Another challenge when using this term labeling method is, how to present the terms definition more efficiently. Our study shown that the participants tend to prefeer having the definition requested by right click, or as tooltip.
Other challenges are related to correctly identifying terms that are not in their canonical form by using fuzzy matching, but we will not go into details of this problem because it is not very relevant to this consortium.
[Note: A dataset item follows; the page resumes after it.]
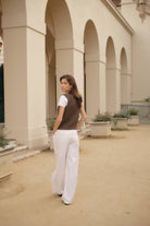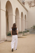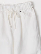 The Jeanie Pants feature a relaxed fit with an elasticized waistband and a stylish front cotton lace tie. These wide-leg linen pants are designed with metal rivet details, side and back pockets, and belt loops.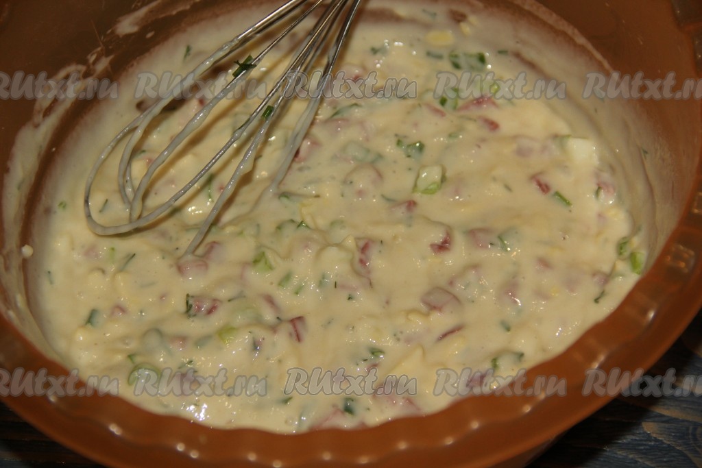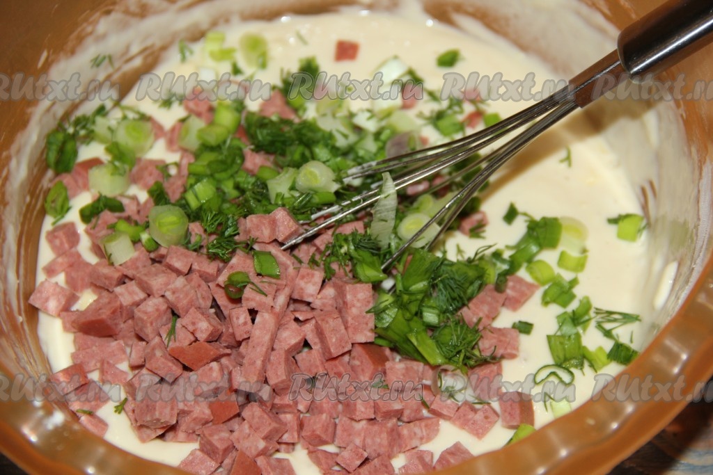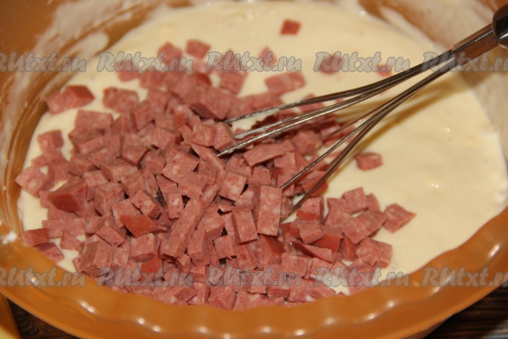 Колбасу, нарезанную мелкими кубиками, тоже добавить в тесто.

The usage of NLP tools for adapting specialized language to increase readability has to take into account the side effect risks related to the change of message impression and authority over the user, that can occur from replacing the specialized terminology with lay language.
The method of adapting specialized text by adding the term definition into the text seems to be the ideal compromise between readability increase and user safety (related to the risks induced by replacing the original terms).
The preferred solutions for labeling terminology seem to be by request (for example right click on the term) and tooltip over the term.
Finding the ideal presentation mode for terms definition (tooltip, integrated into the text, footnotes, by request via click/right click...).
Looking how existing or new HTML tags or tag attributes can enhance the presentation of terms definition on the web.
Terminology can be classified on levels of difficulty. Explore how a web page can be markup so that a user can see only terminology of a specific level.
Research for methods that allow language adaptation for better readability while not inducing risks as change of impression over the message.
Research what types of texts/areas are more suitable for increasing such risks when language adaptation is done.